What I love most about these recent days are the sunrises. In general, these Texas skies have been breathtaking at all times of the day. But, the sunrises, oh my, stop me in my tired and frantic tracks. They are the calm on our busy mornings as we work to rush out the door. Noticing the sunrise quietens my distracted mind, allows me a minute to focus on my breath, to savor the soft pale hues penetrating through the dark and bare limbs of the trees that stand tall along the field across the street. Witnessing the pale pinks, grays, and blues transcend into the horizon, against these bare and naked trees, is my moment ~ my moment to let go of the worries from the day before and of the day to come, to let them go ever so briefly, and to breathe in this short moment of natural beauty. Every day is a new day. Another gift.
Yesterday, Bea and I took a walk to the river. Empty handed. No phone, no wallet, no camera.
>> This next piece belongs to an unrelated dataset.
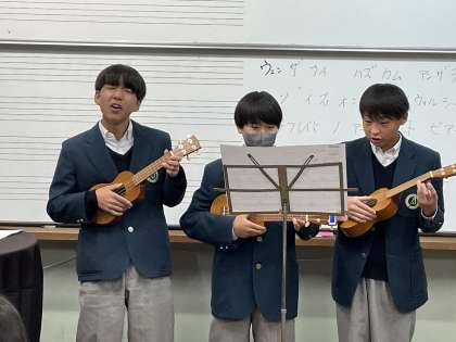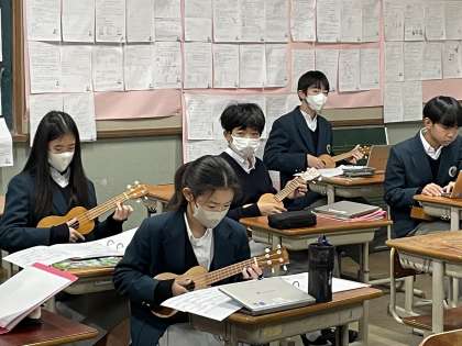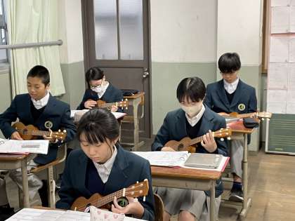 1年生の音楽の授業では、ウクレレの演奏に取り組んでいます。曲目は、1980年代のアメリカ合衆国の青春ドラマ映画の主題歌「Stand by Me」です。みんなで楽しく練習に取り組んでいます。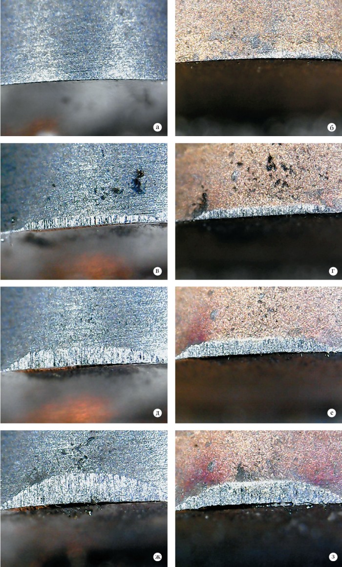 Рис. 3. Износ инструмента без покрытия (а, в, д, ж) и с покрытием (TiAlSiY)N (б, г, е, з):

It was a crisp, breezy January day. The pewter colored trees stood in bright contrast to the perfect blue sky. It felt more like the first of spring days than the middle of winter with the clover and dandelion thick and green at our feet. We held hands along the pathway. She and I. Then she would run ahead of me, getting off the path and into the green grass to admire little purple flowers. Every several strides, she would quickly stop at the sight a single, perfect dandelion. There she would squat, kneel down, and admire these delicate first flowers. And as you can imagine, a few were picked: for myself and daddy, her school friends Jane and Lucy, her Granny, and her Nana and Papa. All of her loves. She looked so little and innocent with the wind blowing through her hair, surrounded by the emerald, damp grasses. I hoped for a second to always remember her this way: with her exuberant joy and happiness at the sight of a dandelion - a dandelion. She was every bit a small precious child in total wonder with the world and so entirely in the moment.
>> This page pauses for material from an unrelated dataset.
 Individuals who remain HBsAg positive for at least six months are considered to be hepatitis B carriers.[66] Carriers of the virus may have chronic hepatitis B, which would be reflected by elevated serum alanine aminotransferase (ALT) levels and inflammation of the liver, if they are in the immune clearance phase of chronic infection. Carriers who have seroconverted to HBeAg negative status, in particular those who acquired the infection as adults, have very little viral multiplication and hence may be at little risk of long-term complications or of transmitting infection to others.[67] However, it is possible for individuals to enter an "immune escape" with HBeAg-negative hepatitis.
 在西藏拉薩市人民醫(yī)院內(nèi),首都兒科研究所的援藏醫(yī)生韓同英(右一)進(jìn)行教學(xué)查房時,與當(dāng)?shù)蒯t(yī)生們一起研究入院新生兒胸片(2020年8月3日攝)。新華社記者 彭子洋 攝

Then we walked some more. We noticed our shadows following right along side of us - mine was tall and hers was short. She and I. She would run a bit to see if her shadow would chase her and she giggled when she realized that it was.
She discovered a low spot in the grass which had some standing water from the rains that came earlier in the week. She pitched a pepple into the small pond. If I would've let her, she would've splashed and splashed, submerging her feet and ankles into the pond, and squooshing her toes into the mud. This time, I had to stop her because it was cold and she wasn't wearing boots.
We continued to walk until we reached the bark park. We met a few sweet dogs and their owners. We got to talking about homeschooling, home day care settings, the local elementary school, and an old neighborhood cemetary which I didn't know existed but I am now looking forward to exploring. Bea didn't want to leave. She could've played with the pups all day. After a little convincing, we were on our way to the river.
A five minute walk can turn into an hour's walk with a preschooler in tow.
The river was flowing and glistening with the light of the sun reflecting into it. The ducks and geese were out and about, swimming about this way and that. We crossed the foot bridge over the river and made our way to a little stone penisula that juts out into the water. We tossed rocks and sat mostly quiet. We noticed birds swooping and some singing. We listened to the Sycamore leaves blow in the breeze.
It was a sweet morning. Quite nice to just "be" with her ~ with nothing in particular to do but to toss some pepples into the river and to stand in amazement of dandelions. I like that. It's my kind of adventure.